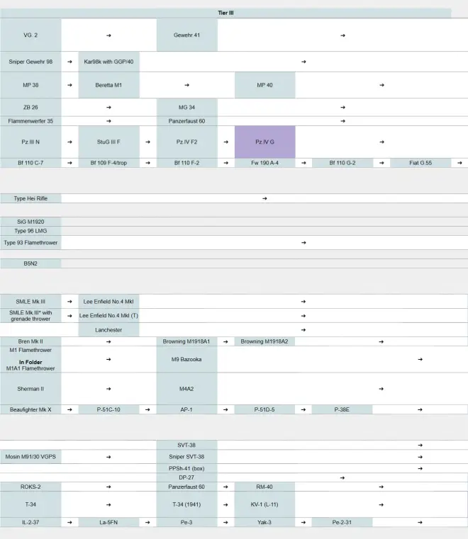 你好,指挥官!我们最近和你分享了我们有关从军的科技树(Progression)会如何变化的方案。今天我们准备向你展示一个基于玩家们的建议和反馈的新版科技树方案:我们将科技树等级减少了一半(从之前的10级减少为5级),同时我们引入了科技树武器折叠机制(类似于战雷的折叠载具),这样你就可以只解锁其中的第一个武器,并且不必肝其他的被折叠武器。提升游戏等级将会变得更简单,方便,快捷。
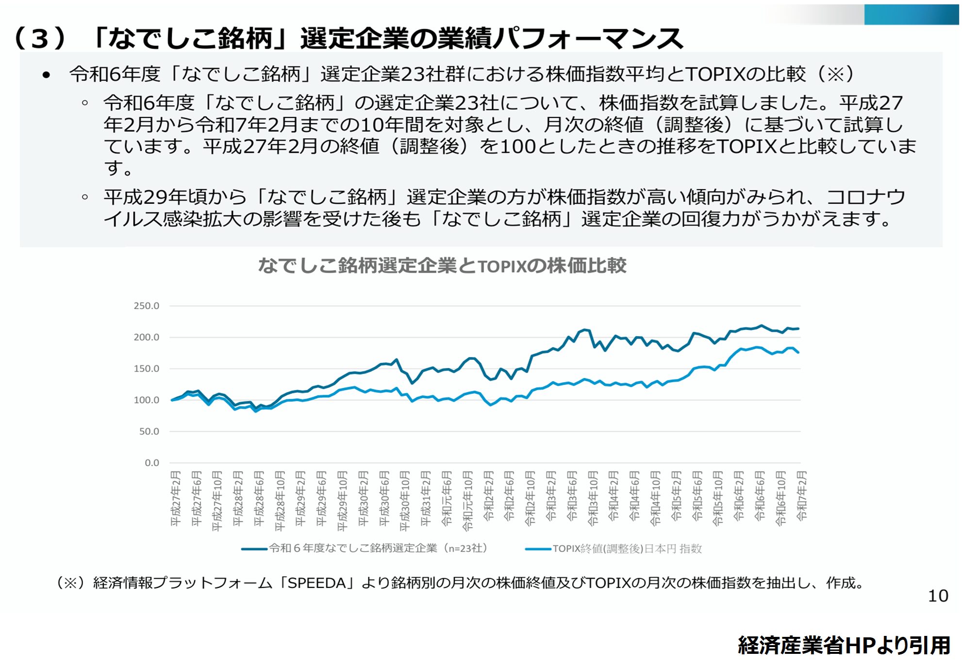 株価が好調な企業もあれば、そうでない企業もありますので、令和6年度「なでしこ銘柄」選定企業23社を個別に見る必要があります。
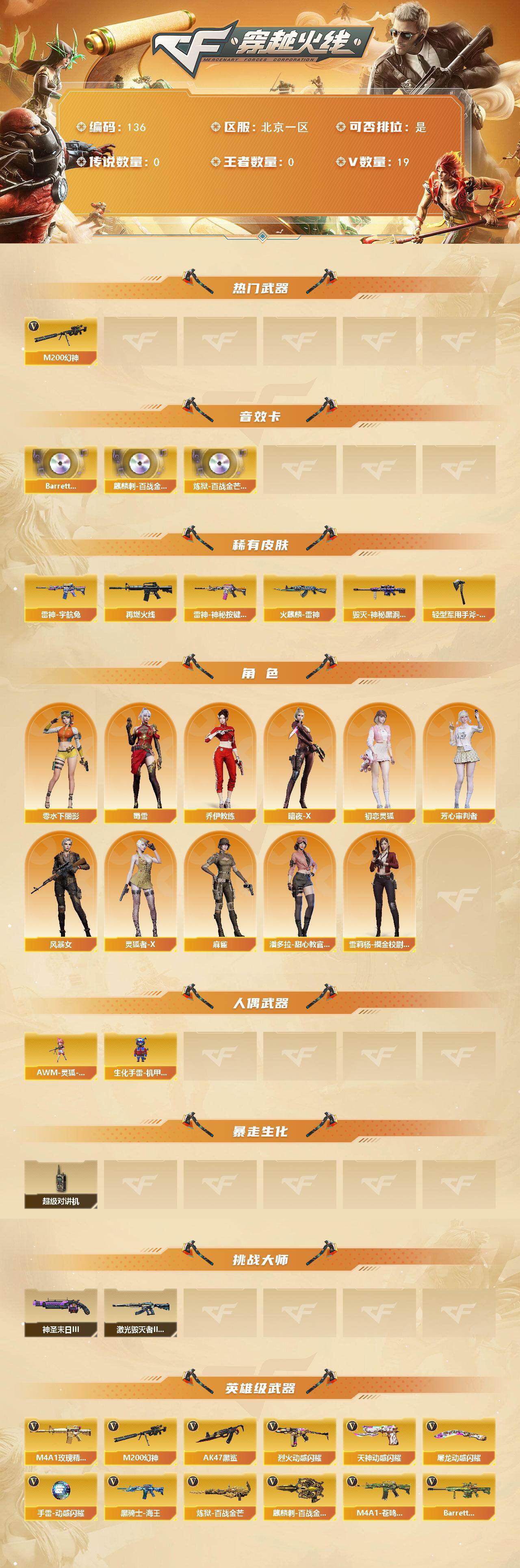 北京一区-19v-0王者-0炫金 【热门武器】:m200-幻神 【音效卡】:barrett-碧霄极光音效卡,麒麟刺-百战金芒-盛典舞曲音效卡,炼狱-百战金芒-庆典舞曲音效卡 【皮肤】:雷神-宇航兔皮肤,m4a1-再燃火线,雷神-神秘按键 皮肤,火麒麟-雷神,毁灭-神秘黑洞皮肤,轻型军用手斧-再燃火线 【角色】:乔伊教练,暗夜-x,初恋灵狐,芳心审判者,风暴女,零-水下丽影,灵狐者-x,麻雀,潘
☆ ☆ ☆ ☆
### [YOUR INSTRUCTIONS]
Send back the listing exactly as it stands. Do not include the pictures.

### [SOLUTION FOR THIS PROBLEM]
 你好,指挥官!我们最近和你分享了我们有关从军的科技树(Progression)会如何变化的方案。今天我们准备向你展示一个基于玩家们的建议和反馈的新版科技树方案:我们将科技树等级减少了一半(从之前的10级减少为5级),同时我们引入了科技树武器折叠机制(类似于战雷的折叠载具),这样你就可以只解锁其中的第一个武器,并且不必肝其他的被折叠武器。提升游戏等级将会变得更简单,方便,快捷。
 株価が好調な企業もあれば、そうでない企業もありますので、令和6年度「なでしこ銘柄」選定企業23社を個別に見る必要があります。
 北京一区-19v-0王者-0炫金 【热门武器】:m200-幻神 【音效卡】:barrett-碧霄极光音效卡,麒麟刺-百战金芒-盛典舞曲音效卡,炼狱-百战金芒-庆典舞曲音效卡 【皮肤】:雷神-宇航兔皮肤,m4a1-再燃火线,雷神-神秘按键 皮肤,火麒麟-雷神,毁灭-神秘黑洞皮肤,轻型军用手斧-再燃火线 【角色】:乔伊教练,暗夜-x,初恋灵狐,芳心审判者,风暴女,零-水下丽影,灵狐者-x,麻雀,潘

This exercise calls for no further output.